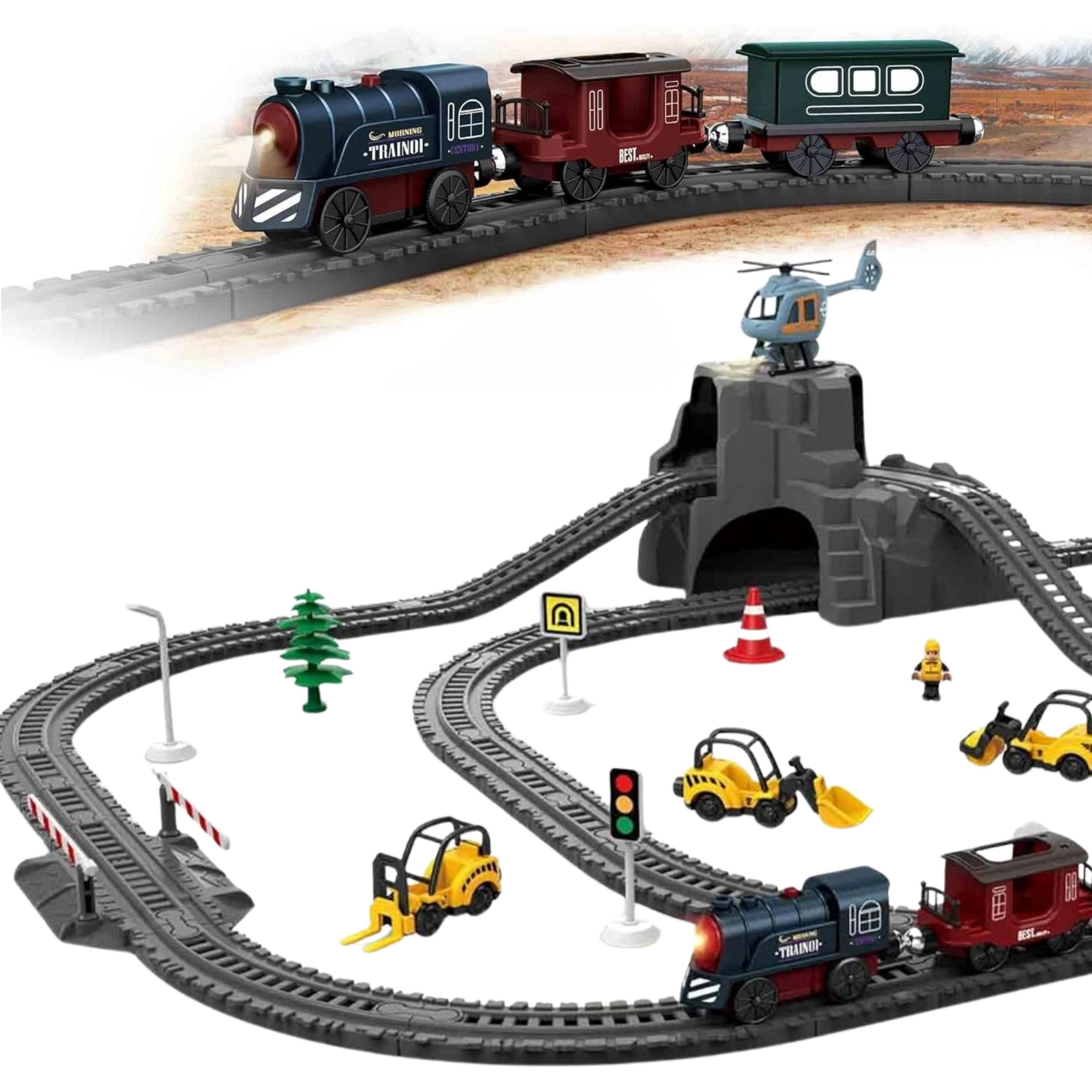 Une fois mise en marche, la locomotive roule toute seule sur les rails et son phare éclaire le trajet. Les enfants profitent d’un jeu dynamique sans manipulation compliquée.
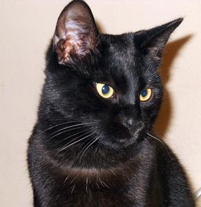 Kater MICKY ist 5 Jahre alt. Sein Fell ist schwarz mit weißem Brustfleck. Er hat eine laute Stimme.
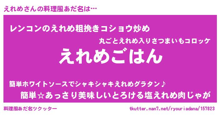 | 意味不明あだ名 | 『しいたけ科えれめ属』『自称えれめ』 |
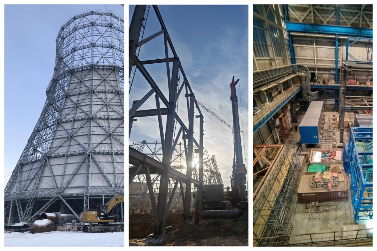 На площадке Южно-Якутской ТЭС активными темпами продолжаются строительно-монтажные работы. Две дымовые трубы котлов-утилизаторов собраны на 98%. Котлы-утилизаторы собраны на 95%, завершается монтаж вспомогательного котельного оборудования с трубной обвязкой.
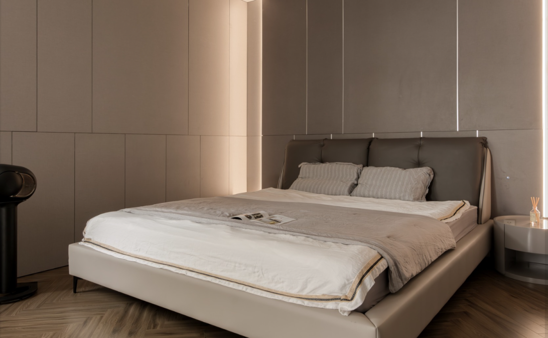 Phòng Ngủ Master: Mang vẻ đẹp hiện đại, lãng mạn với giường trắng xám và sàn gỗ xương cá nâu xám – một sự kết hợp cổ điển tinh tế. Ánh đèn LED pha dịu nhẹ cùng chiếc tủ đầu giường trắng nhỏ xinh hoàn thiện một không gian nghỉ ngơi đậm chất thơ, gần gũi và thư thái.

··········

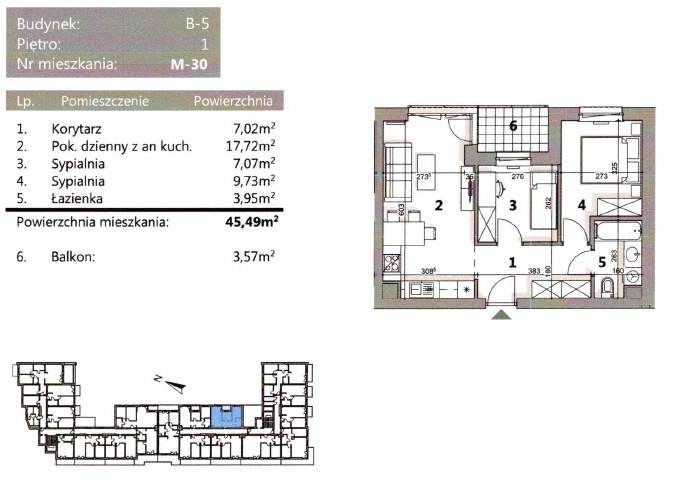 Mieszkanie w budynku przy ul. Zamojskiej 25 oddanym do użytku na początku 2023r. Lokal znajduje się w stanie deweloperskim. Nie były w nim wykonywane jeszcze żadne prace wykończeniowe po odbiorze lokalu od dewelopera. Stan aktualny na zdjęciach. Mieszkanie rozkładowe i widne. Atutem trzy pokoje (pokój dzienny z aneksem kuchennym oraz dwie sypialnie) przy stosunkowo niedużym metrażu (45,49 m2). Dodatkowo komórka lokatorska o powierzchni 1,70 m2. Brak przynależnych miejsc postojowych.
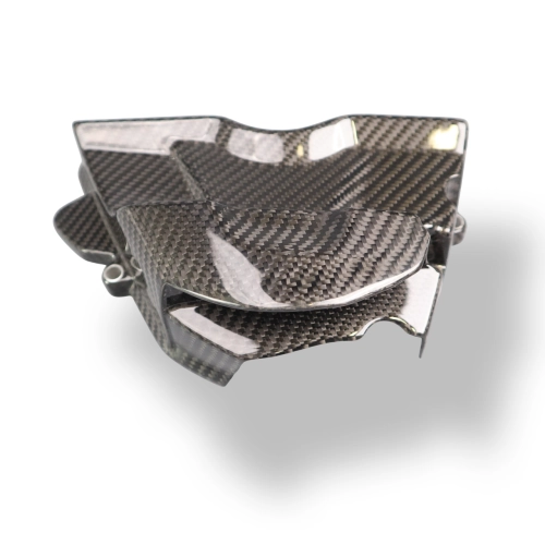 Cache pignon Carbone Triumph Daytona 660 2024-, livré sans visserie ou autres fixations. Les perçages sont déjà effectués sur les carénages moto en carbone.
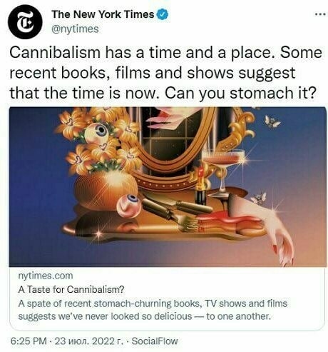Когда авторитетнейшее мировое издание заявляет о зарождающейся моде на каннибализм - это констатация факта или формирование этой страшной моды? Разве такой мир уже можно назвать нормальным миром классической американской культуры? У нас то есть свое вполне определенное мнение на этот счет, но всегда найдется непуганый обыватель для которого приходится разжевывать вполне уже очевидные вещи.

··········

Transcribe only the lines above that start at the line containing "意味不明あだ名 | 『しいたけ科えれめ属』『自称えれめ』 |" and end at the line containing "Phòng Ngủ Master: Mang". Omit pictures.

# ANSWER SPACE
 | 意味不明あだ名 | 『しいたけ科えれめ属』『自称えれめ』 |
 На площадке Южно-Якутской ТЭС активными темпами продолжаются строительно-монтажные работы. Две дымовые трубы котлов-утилизаторов собраны на 98%. Котлы-утилизаторы собраны на 95%, завершается монтаж вспомогательного котельного оборудования с трубной обвязкой.
 Phòng Ngủ Master: Mang vẻ đẹp hiện đại, lãng mạn với giường trắng xám và sàn gỗ xương cá nâu xám – một sự kết hợp cổ điển tinh tế. Ánh đèn LED pha dịu nhẹ cùng chiếc tủ đầu giường trắng nhỏ xinh hoàn thiện một không gian nghỉ ngơi đậm chất thơ, gần gũi và thư thái.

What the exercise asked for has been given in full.